Голые среди волков — страница 57 из 75

– По мне, пусть она начинается хоть сегодня. Лучше ужасный конец, чем ужас без конца.

Замечание Вураха было встречено молчанием, но затем один из заключенных не удержался и сказал:

– Найдутся такие, которые и тогда ловко вывернутся.

– Если только их не прихлопнут раньше! – добавил другой.

Намек был достаточно ясен. Вурах растерянно пробурчал что-то, словно не замечая скрытой угрозы. Заключенные снова умолкли. Но каждого сверлила одна мысль: схватить бы доносчика и бросить ему в рожу: «Это ты, пес, нас предал! И Пиппиг на твоей совести!» Но они не решались. Пока еще было слишком опасно хватать его за горло.

Во второй половине дня явился Цвайлинг. Его приход был следствием размолвки с Гортензией.

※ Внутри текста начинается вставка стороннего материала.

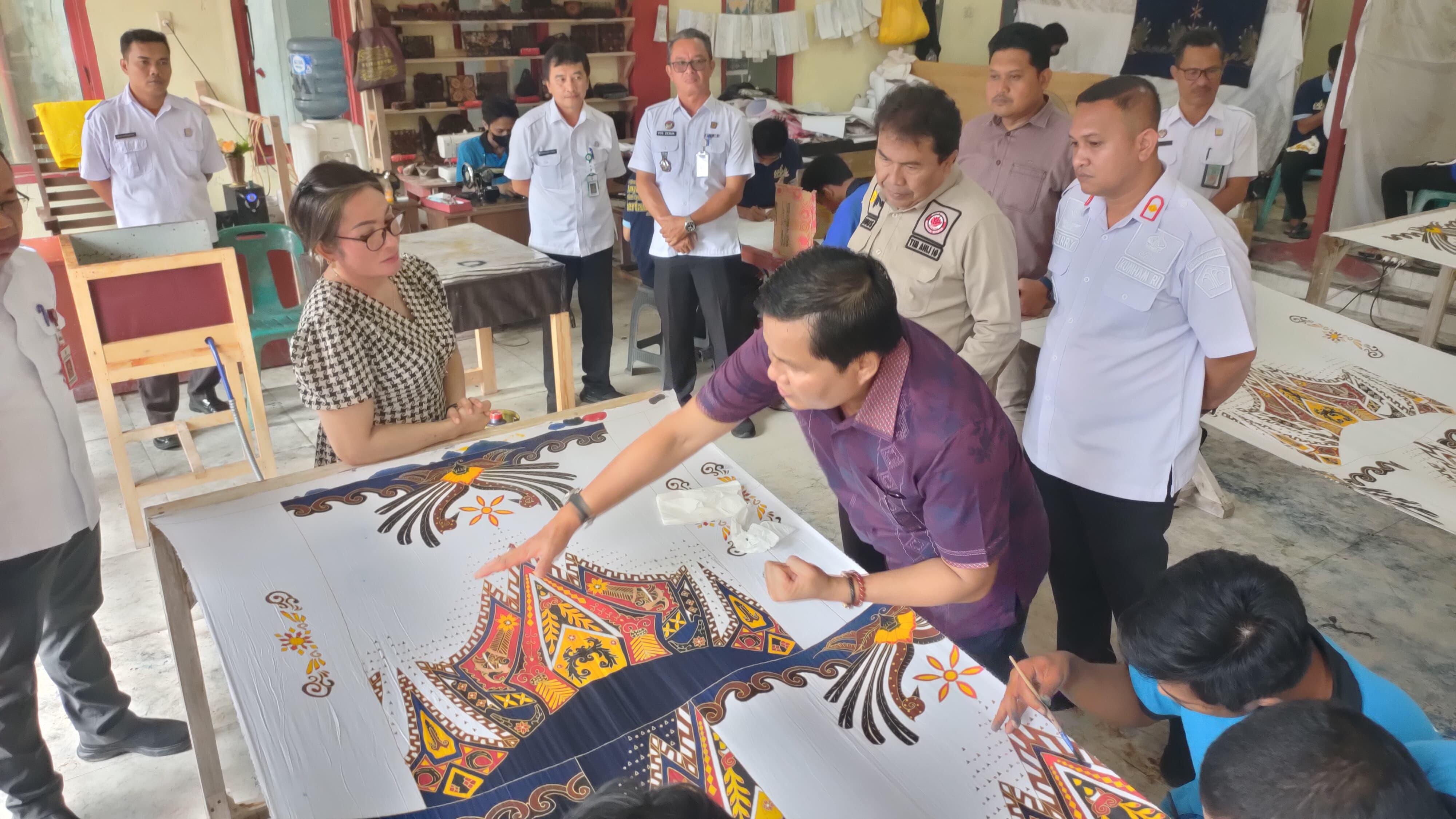 Kunjungan ini berlangsung di ruang kemandirian Batik Lapas Gunungsitoli Kanwil Kemenkumham Sumatera Utara, di mana kegiatan pembuatan batik tulis oleh warga binaan dilaksanakan.

Цвайлинг решил было вообще не показываться больше в лагере.

«Никогда не знаешь наперед…» – таково было философское обоснование этого намерения.

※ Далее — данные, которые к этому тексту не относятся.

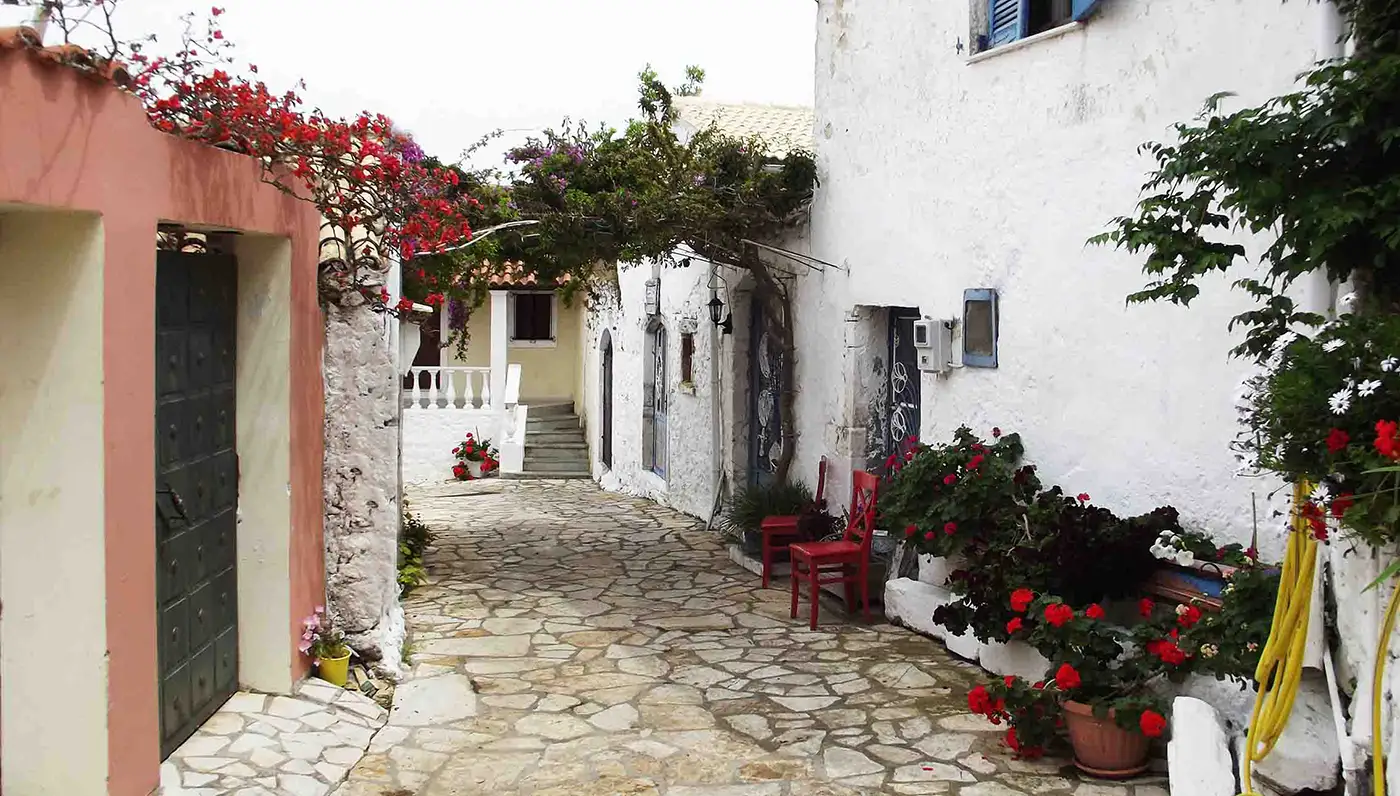 Known for its incredible sunset views and authentic charm, Afionas is perfect for a romantic dinner or a peaceful walk through narrow alleys overlooking the sea. Ideal spot for couples who want to enjoy panoramic views over the Ionian sea.

Но Гортензия погнала супруга в лагерь.

– Все твои коллеги на посту, а ты хочешь увильнуть?

– Надо подумать и о себе…

– О себе! – передразнила его Гортензия. – О тебе подумают другие. Первым, кого укокошат, будешь ты!

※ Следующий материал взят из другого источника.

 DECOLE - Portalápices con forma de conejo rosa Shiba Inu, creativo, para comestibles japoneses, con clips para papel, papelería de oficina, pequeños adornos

– Это почему? – с глупым видом спросил Цвайлинг.

– Нет, вы послушайте господина гауптшарфюрера!.. Сначала он спекулирует каким-то жиденком, потом заводит плутни с коммунистами… –    Гортензия воинственно подбоченилась. – На месте Клуттига я бы сказала: «Вот оно, доказательство: поджал хвост и прячется, трусливый пес!..» Именно теперь ты должен проявить стойкость. В конце концов, тебе придется уходить со всеми нашими. Или ты все еще воображаешь, что проползешь у коммунистов между ног? – Гортензия презрительно расхохоталась. – Где твой жиденок?. Мерзавцы ловко посадили тебя в калошу.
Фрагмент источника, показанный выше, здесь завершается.